One of the mule-drivers, who was somewhat hot-tempered, was so provoked
by the haughty language of the poor fallen knight, that he resolved to
give him the answer on his ribs, and running up he snatched the lance
from Don Quixote's hands, broke it in pieces, and taking one of them
began to beat him with such good-will that in spite of the armor he
bruised him like wheat in a mill-hopper. And he found the exercise so
much to his liking that he continued it until he had shivered every
fragment of the broken lance into splinters. Nevertheless he could not
stop the mouth of our valiant knight, who during all that tempest of
blows went on defying heaven and earth and shouting menaces against
those bandits, as he now supposed them to be.
At length the mule-driver grew weary, and the whole party rode off,
leaving the battered champion on the ground. When they were gone he made
another attempt to rise. But if he failed when he was sound and whole,
how much less could he do it now that he was almost hammered to pieces!

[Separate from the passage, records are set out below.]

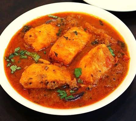 Trozos de gambas marinadas en luz auromática en salsa de curry y especias del norte de la india.
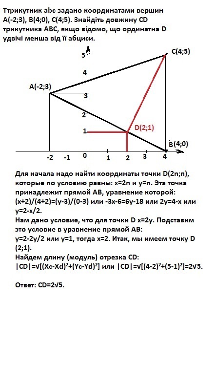 трикутник abc задано координатами вершин A(-2;3), B(4;0), C(4;5). Знайдіть довжину CD трикутника ABC, якщо відомо, що ординатна D удвічі бменша від її абциси
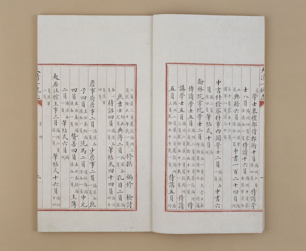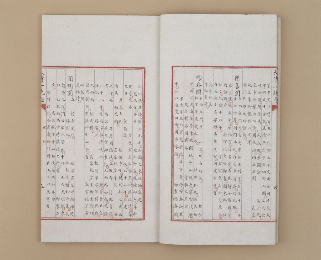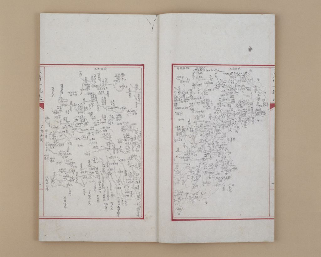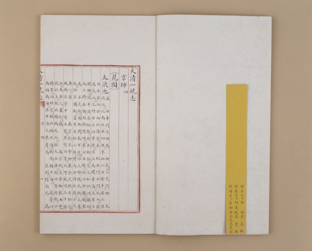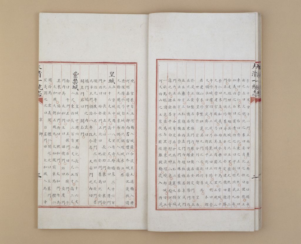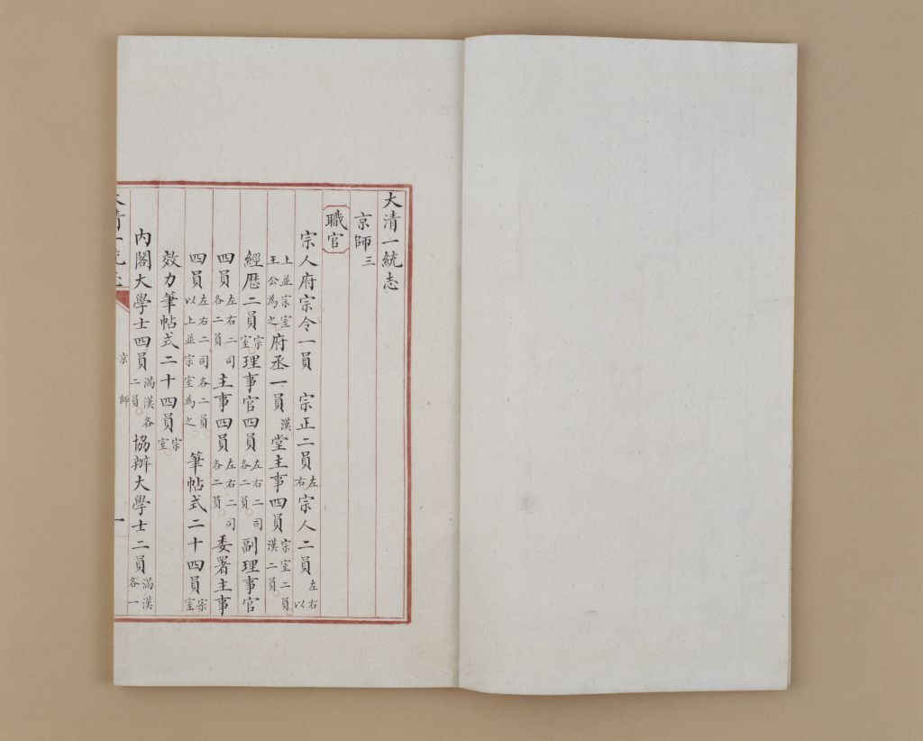 《大清一统志》(嘉庆朝本),560卷,清潘锡恩等撰,清道光二十二年(1842年)内府进呈抄本。版框22.5cm×14.5cm。半页10行,行19字,朱格双栏,白口,单鱼尾。545册80函。
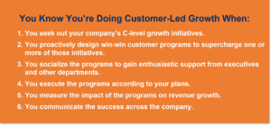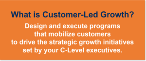 Customer-Led Growth is when you conceive of, design, and execute programs that mobilize your customers to drive the strategic growth initiatives that have been set by your C-Level executives.
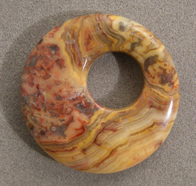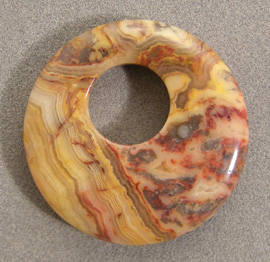 ![]() A smaller pendant type bead from red and yellow crazy lace agate. Off center hole in disc. |

Notwithstanding, his heart was light and gay, for in his own fancy he
was a hero of romance, lying covered with wounds on honor's field.
VI. THE RETURN HOME
Two days had passed since Don Quixote left his home, and his niece and
his housekeeper were growing very anxious about him. More than once they
had heard him declare his intention to turn knight-errant, and they
began to fear that he had carried out his mad design. On the evening of
the second day, a few hours after he had been so roughly handled by the
muleteer, they heard a loud voice calling outside the street door: "Open
to Sir Baldwin and the Lord Marquis of Mantua, who is brought to your
gates grievously wounded." They made haste to unbar the door, and when
it was opened they saw a strange sight: mounted on an ass, whose head
was held by a laboring man of the village, sat Don Quixote, huddled
together in a most uncavalier-like posture, his armor all battered and
his face begrimed with dirt. Hard by stood Rozinante, a woeful object,
crooking his knees and drooping his head; and tied in a bundle on his
back were the splintered fragments of Don Quixote's lance.